Muchas veces en la vida el dolor nos domina y no sabemos cómo dar respuesta a nuestras angustias. Quizá quien no ha tenido tristezas, creció junto a sus padres, no se sienta despreciado o no haya perdido a un ser querido, no logre entender estas líneas, las que les escuché a una joven mientras narraba —entre lágrimas y sollozos— la siguiente historia:
Mi madre —dijo con voz entrecortada— queda para siempre en mi recuerdos; en cambio, aún espero el abrazo que niegan darme. Así voy por la vida, con mi dolor a cuestas, como mochila de mi destino.
Un día, y como parte de la clase de Español, me acerqué a un hombre, a un poeta, que dio su vida en los campos de Cuba y nos legó desde su ejemplo cómo podemos ser mejores.
Así conocí que José Julián Martí también llevaba muchos dolores encima: la separación de su tierra, la desavenencia en el matrimonio, la esclavitud en la tierra que lo vio nacer, y la de los pueblos de América. Pero había otro dolor, la separación de «los brazos menudos», de su querido hijo.
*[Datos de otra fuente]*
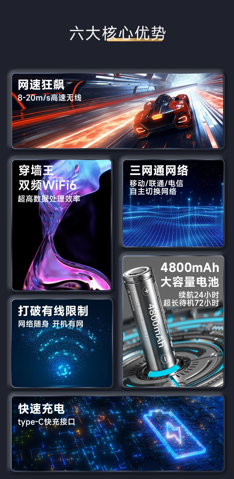 Duoyang portátil wifi tráfico tarjeta libre portátil wifi móvil portátil inalámbrico wifi6 enrutador tres redes universal 2025 nuevo wifi inalámbrico 4800 mAh WiFi6 de doble banda + chip zhanrui
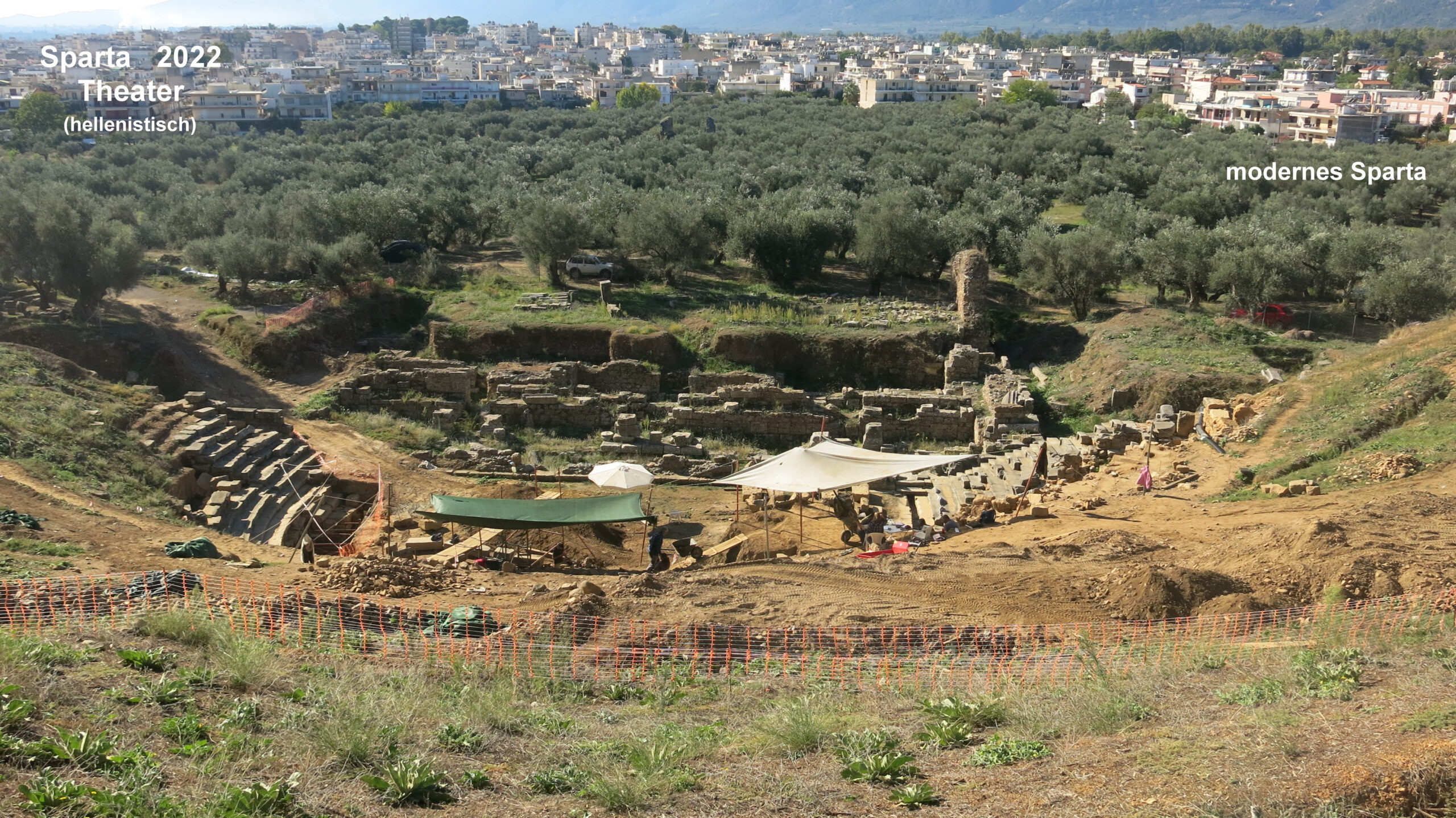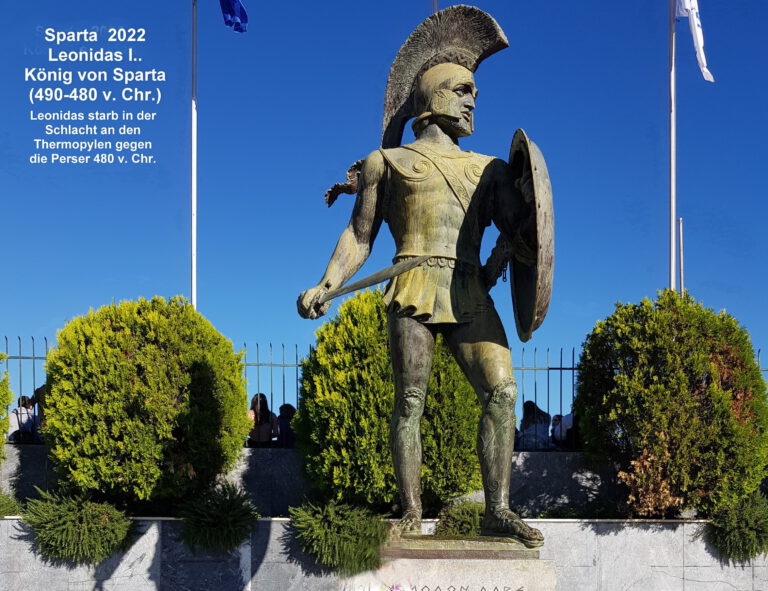 Die baulich-antiken Zeugen Spartas sind in ihrer Wahrnehmbarkeit überschaubar, ihr Erhaltungszustand lässt Wünsche offen. Die Akropolis von Sparta war ein Hügel, auf dessen Plateau der Tempel der Athene Chalkioikos (Stadtgöttin von Sparta) stand. Reste der Stadtmauer und einer Stoa sind gegeben. In der Agora befanden sich die Versammlungs- und Amtsgebäude sowie das mit weißem Marmor ausgestattete Theater aus der frühen römischen Kaiserzeit. In dessen Nähe befinden sich die Ruinen römischer Bäder. Die Stadt hatte darüber hinaus noch weitere Tempel und Monumente, deren Erkennbarkeit schwierig ist, u. a. der Dromos mit zwei Gymnasien oder Überreste des Heiligtums der Artemis Orthia am Fluss Eurotas. „Wenn Sparta verödete und nur die Tempel und Grundmauern der Bauten blieben, würden die Späteren gewiss voller Unglauben seine Macht im Vergleich zu seinem Ruhm bezweifeln“ (Thukydides, z. n. Baedecker, siehe Quellen). Nach unserem Besuch im antiken Sparta ist dem nichts hinzuzufügen – Sparta bleibt dennoch historisch erhaben. Die Fotos entstanden auf einer geführten Privatreise im Herbst 2022. Artikel bei Wikipedia zu: SPARTA
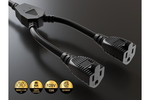 DUAL OUTLET DESIGN: Y power cord transforms one power source into two NEMA 5-15R outlets for multiple device connections
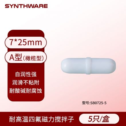 四氟磁力搅拌子B7*15mm(圆柱体加箍)5只/盒 SB0715
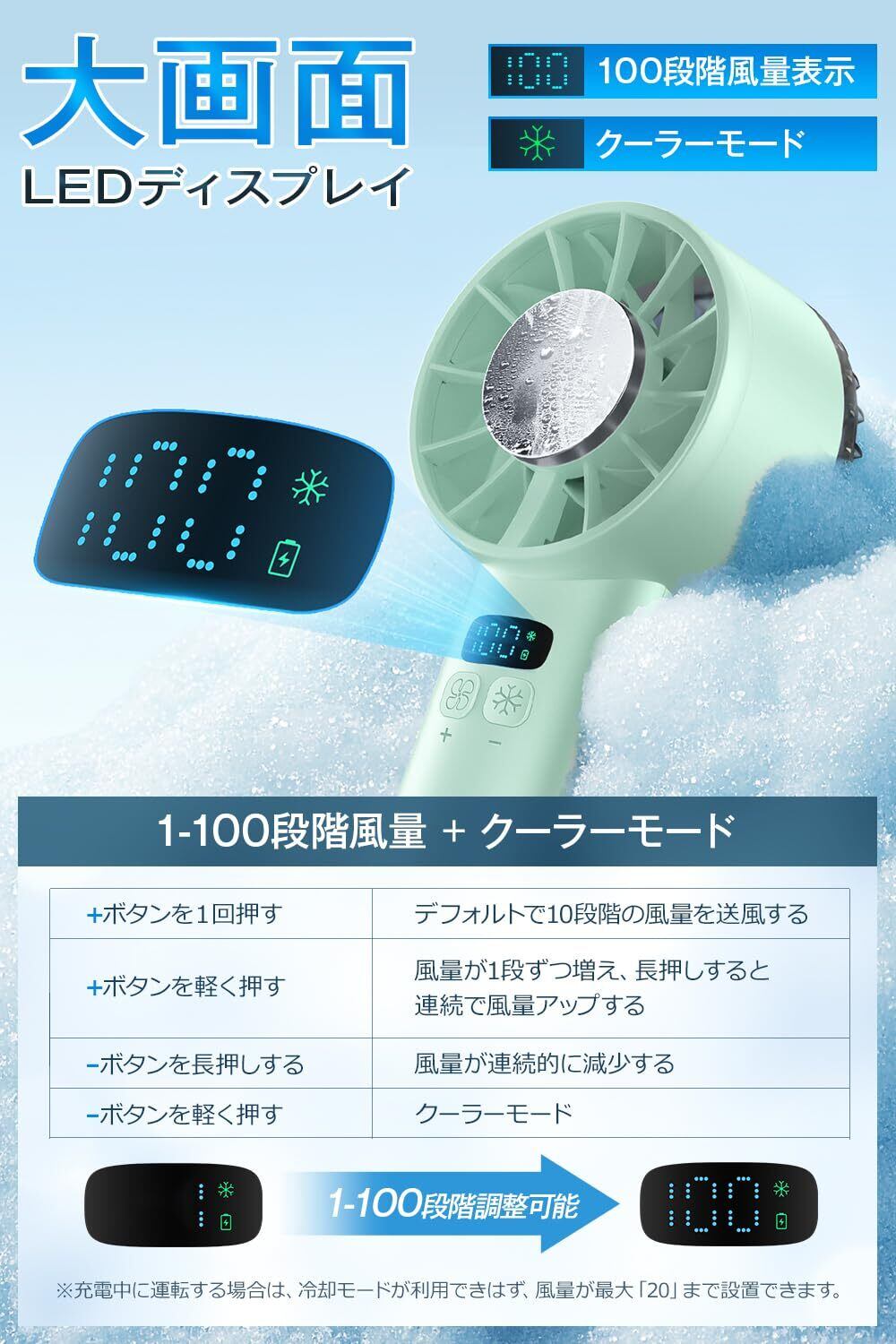 【風量無段階調節&12枚羽根構造ハンディクーラー】風量は1〜100まで細かく調整可能。電源を入れて+ボタンを押すと、初期設定で10の風量からスタートします。+ボタンを短く押すたびに風量が1段階アップ、長押しでスムーズに連続調整可能。−ボタンで逆方向にも対応。さらに、12枚羽根の高性能設計により、一般的な携帯扇風機よりも強力な送風を実現しています。
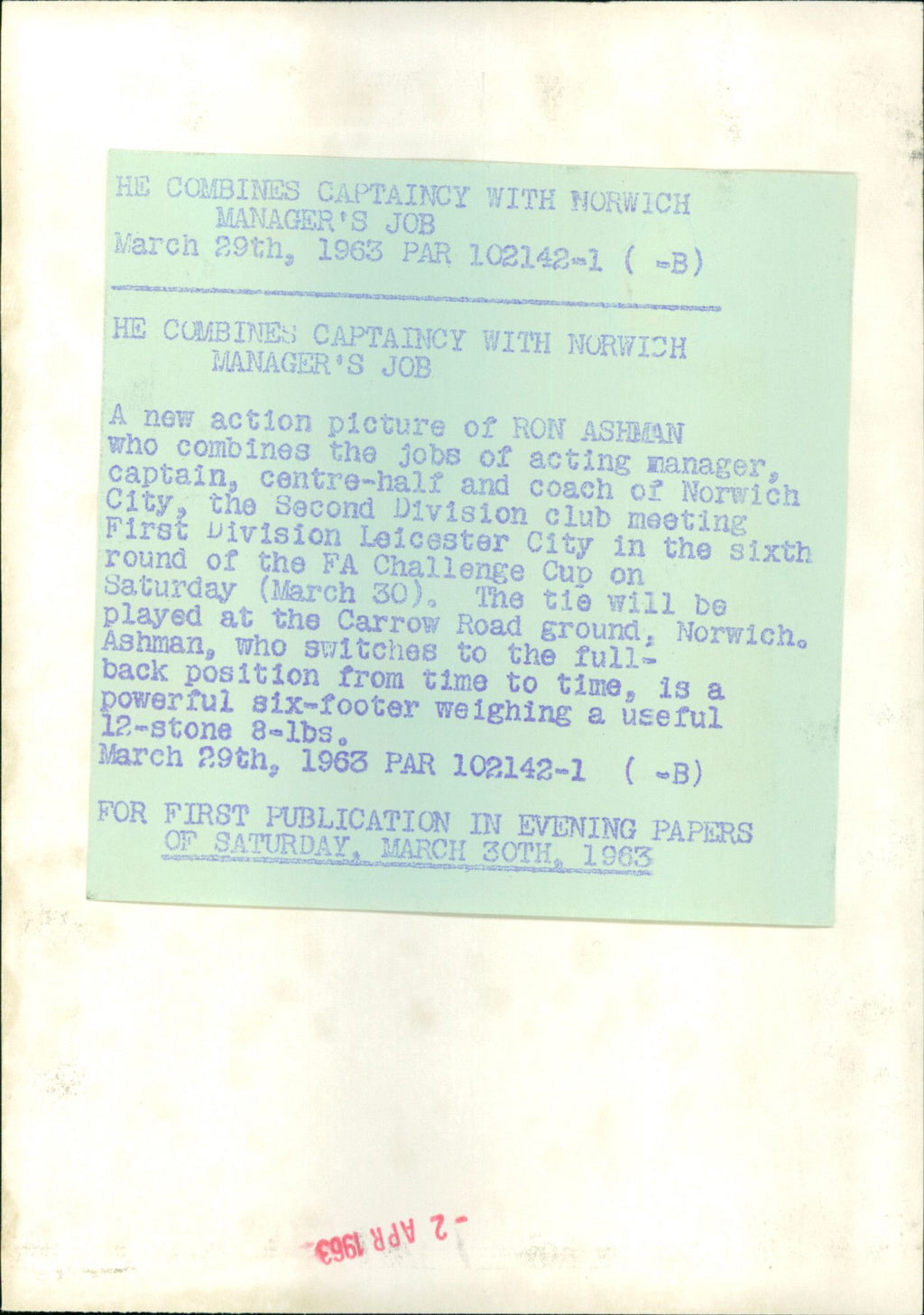 Action picture of Ron Ashman who combines the jobs of acting manager captain, center-half and coach of Norwich City. Action picture of Ron Ashman who combines the jobs of acting manager captain, center-half and coach of Norwich City.
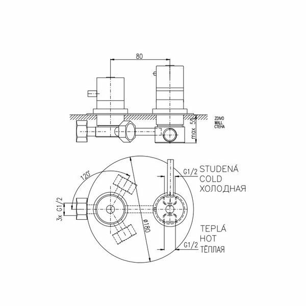 Rav Slezak Dunaj Termostat Смеситель термостатический для душа монтирующийся в стену с переключателем цвет хром (DT387)
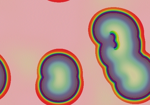 These images and movie demonstrate the behavior of the Gray-Scott reaction-diffusion system with σ=Du/Dv=2 and parameters F=0.0060, k=0.0350.
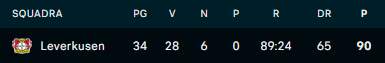 Un campionato che Wirtz e soci hanno stravinto, lasciando solo le briciole agli avversari: 90 punti, frutto di 28 vittorie e appena 6 pareggi.
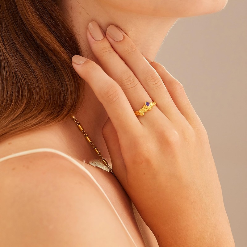 - Crystal ring: the gold-coloured, decorated with a shimmering crystal is a real eye-catcher, whether worn alone or in combination with other rings.
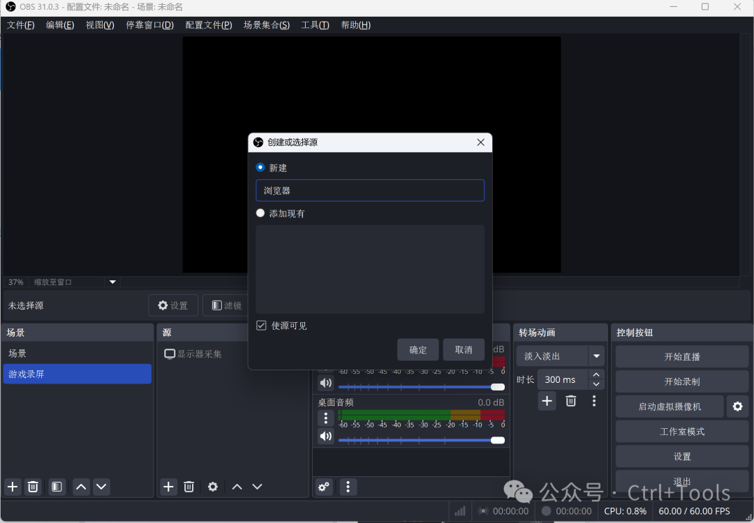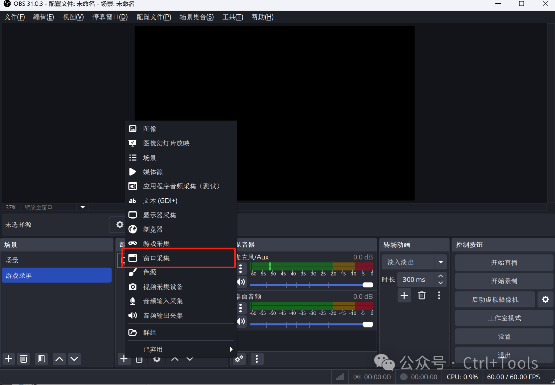 1.同样新建录屏场景后,新建源,本次源选择“窗口采集”
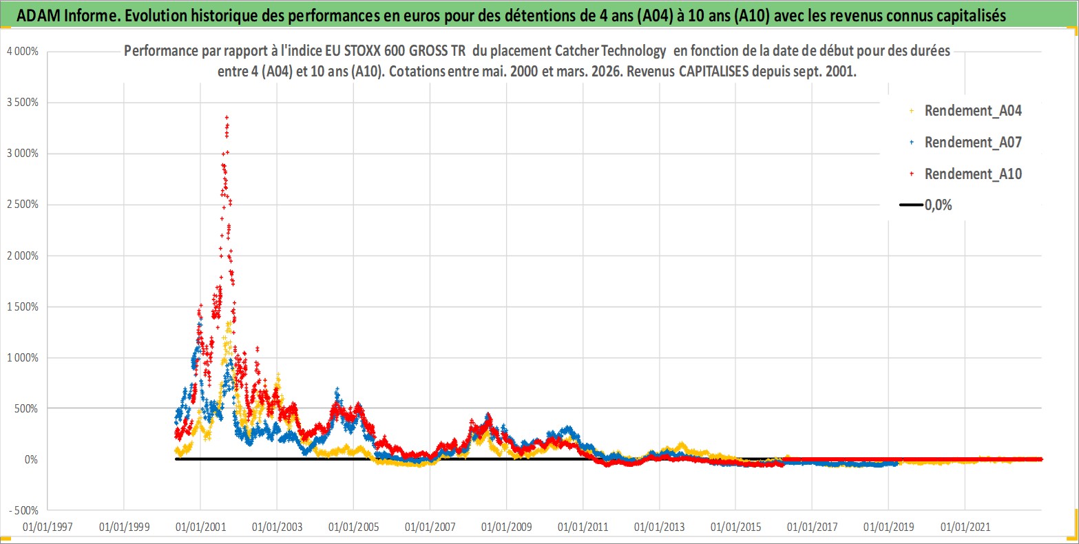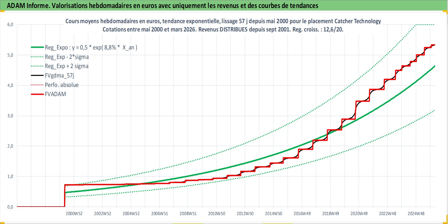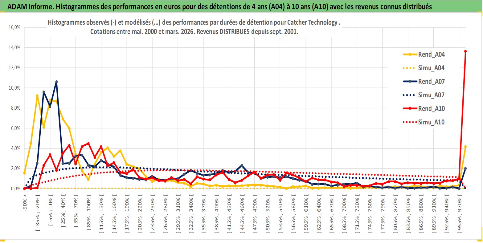 Site dédié aux investisseursPage dédiée sur site financeAnalyse des valorisations hebdomadaires de l'action Catcher Technology . Cet actif est cote en TWD. Les valorisations sont en contrevaleur EURO et couvrent les semaines 2000W18 a 2026W13. Les revenus de cet actif financier sont pris en compte depuis la semaine 2001W36. La note globale ESG de cet actif est estimee a 12.0 (apres rebasage entre 0 et 20).
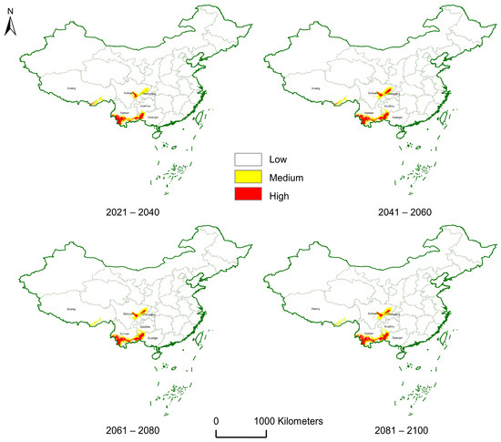 - Jiang, R.; Zou, M.; Qin, Y.; Tan, G.; Huang, S.; Quan, H.; Zhou, J.; Liao, H. Modeling of the Potential Geographical Distribution of Three Fritillaria Species Under Climate Change. Front. Plant Sci. 2022, 12, 749838. [Google Scholar] [CrossRef]
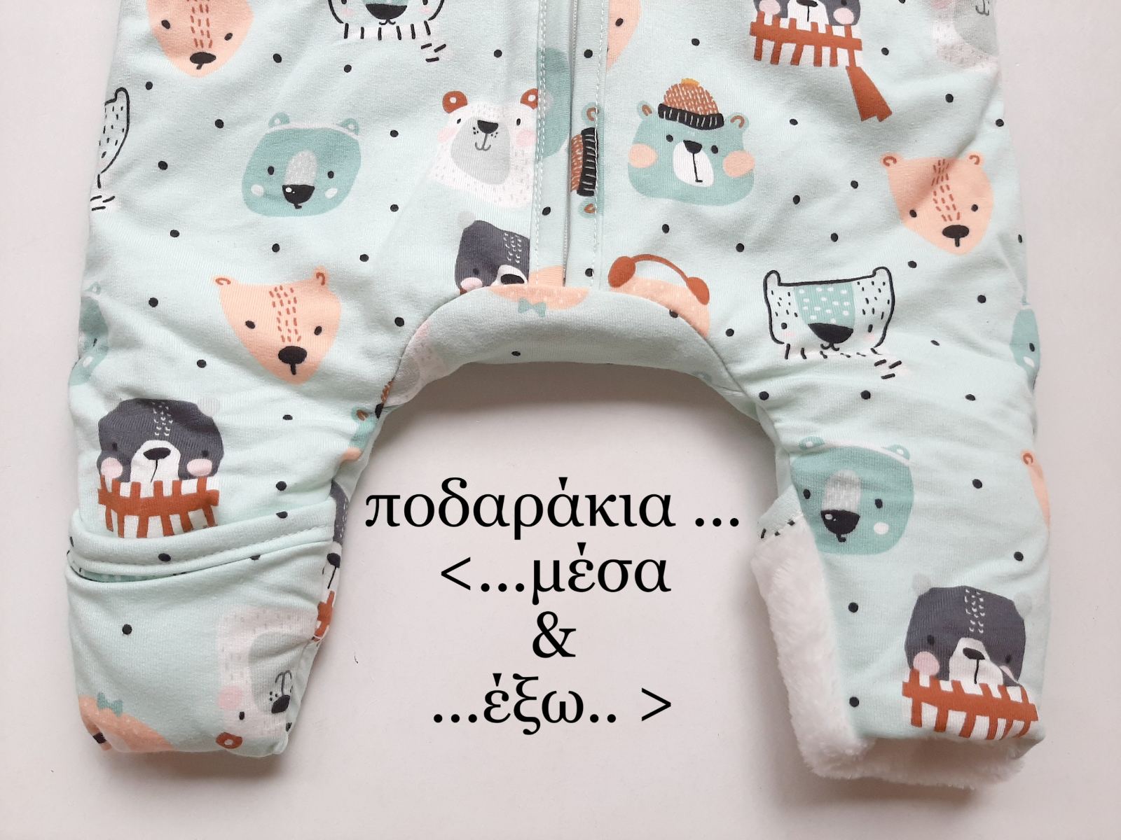 Με τέχνασμα στα χεράκια και ποδαράκια μπορείτε εσείς να ορίσετε εάν θέλετε τα άκρα έξω ή μέσα για να θωρακίζεται η θερμοκρασία. Πως γίνεται? Απλά βάλτε ή βγάλτε τα χεράκια και ποδαράκια από τις ειδικές γούνινες τσεπούλες χωρίς να κουβαλάτε μαζί σας έξτρα παπουτσάκια η γαντάκια. Ιδιαίτερα όμορφη είναι και η λεπτομέρεια με τα αυτάκια στην κουκούλα.
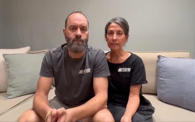 Rachel Goldberg-Polin and Jon Polin, parents of hostage Hersh Goldberg-Polin, issue a video statement pleading for a hostage deal and urging him to stay strong and survive, April 24, 2024. (Courtesy)
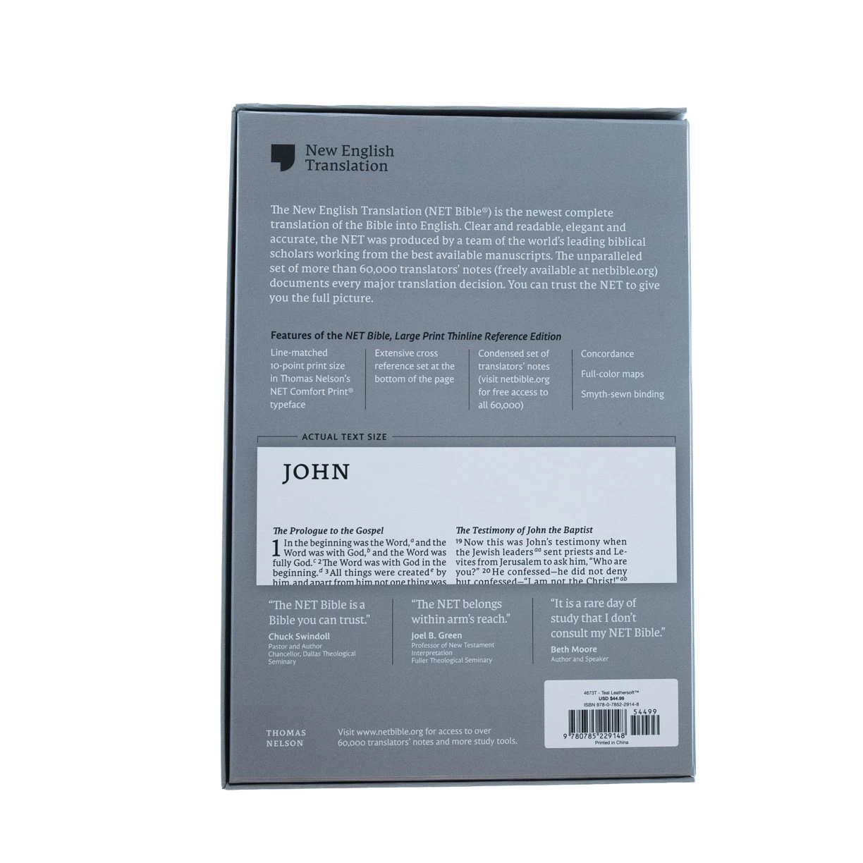 The NET Bible, Large Print Thinline Reference Edition, is both portable (under 1-inch thick) and readable. Bible text appears in a beautifully-designed line-matched double-column format, with extensive cross-references conveniently located at the bottom of the page.Featuring the New English Translation—the newest translation of the biblical languages into English, based on the most up-to-date manuscript discoveries and research—this cross-reference edition of the NET Bible is ideal for students, teachers, and lay-readers alike. Features include:Complete text of the transparent and accurate New English TranslationExtensive set of cross-references help reveal the connections within ScriptureAbbreviated set of NET translators’ notes (complete set of more than 60,000 notes freely available online at netbible.org)Durable Smyth-sewn binding lays flat in your hand or on your deskFull-color mapsThomas Nelson’s NET Comfort Print 10-point typeface

Hasta entonces pensé que mi dolor era el más grande, pero comprendí que el de él era mayor, sin embargo, no quedó sin fuerzas; todo lo contrario, hizo que muchos se entregaran por una causa justa.
Aquella profesora colocaba en mis manos un hermosísimo libro, quizá el poemario más conmovedor que un padre angustiado, pero seguro, dedicara a su hijito amado.
Quince poemas y una interesante dedicatoria lo conforman, y no lo tituló José Francisco, como el nombre de su hijo, sino, Ismaelillo. Mis dudas se aclararon cuando la profesora dijo que probablemente los había titulado así porque en hebreo significaba ser fuerte contra el destino. Ella continuó hablando, pero ya no la escuchaba. Comencé a interiorizar que tenía que ser fuerte y crecerme ante las adversidades.
Volví al libro mientras ella continuaba el diálogo con el grupo. Con las páginas abiertas me detuve donde decía: «Hijo: espantado de todo me refugio en ti. Tengo fe en el mejoramiento humano, en la vida futura, en la utilidad de la virtud y en ti».
¡Qué padre!, exclamé. ¿Por qué no lo había conocido antes? Grande, grande me había parecido siempre, pero ahora su inmensidad intentaba cicatrizar mis heridas.
Al terminar el turno de clases me dirigí a la biblioteca de la escuela, y cuando tuve en mis manos el poemario lo leí de un tirón. Entonces continué hurgando en la historia; busqué qué había ocurrido en la vida de este hombre y encontré una carta fechada el 1ro. de abril de 1895. Me llamó la atención lo que allí decía: «Hijo. Esta noche salgo para Cuba, salgo sin ti, cuando debieras estar a mi lado. Al salir, pienso en ti. Si desaparezco en el camino recibirás con esta carta la leontina que usó en vida tu padre. Adiós. Sé justo».
¡Cuánta ternura despliegan los versos de Ismaelillo! Sin duda, el llamado de un padre a su hijo para seguir el camino adecuado.
Si bien poemas como Mi caballero y Príncipe enano me habían parecido enternecedores, ahora comprendo que la poesía en él no solo es artificio literario sino sentimiento, el más puro que un padre puede sentir por un hijo.
Y lloré, lloré mucho, porque me sentía sacudida por una fuerza que no podía explicar… Martí se convertía en «mi padre espiritual», porque en él encontré el amor y la fuerza que me permiten continuar el camino. Desde entonces entramos en complicidad plena. Leía con avidez todo de él y sobre él, y comprendí cuánto amor sentía por los niños.
¡Qué lástima! Les aseguro que mi padre nunca leyó a Martí. Quizá sabe que es el Apóstol y quizá recitó sus versos en la escuela, pero le aseguro que nunca respiró la espiritualidad que se agitó en él y lo hizo ser un padre excepcional.
Mientras la muchacha contaba con pesar esta historia, el silencio fue poco a poco colmando la sala. Allí no hubo aplausos, aunque todos le dimos las gracias cuando le escuchamos decir: Martí es mi padre espiritual.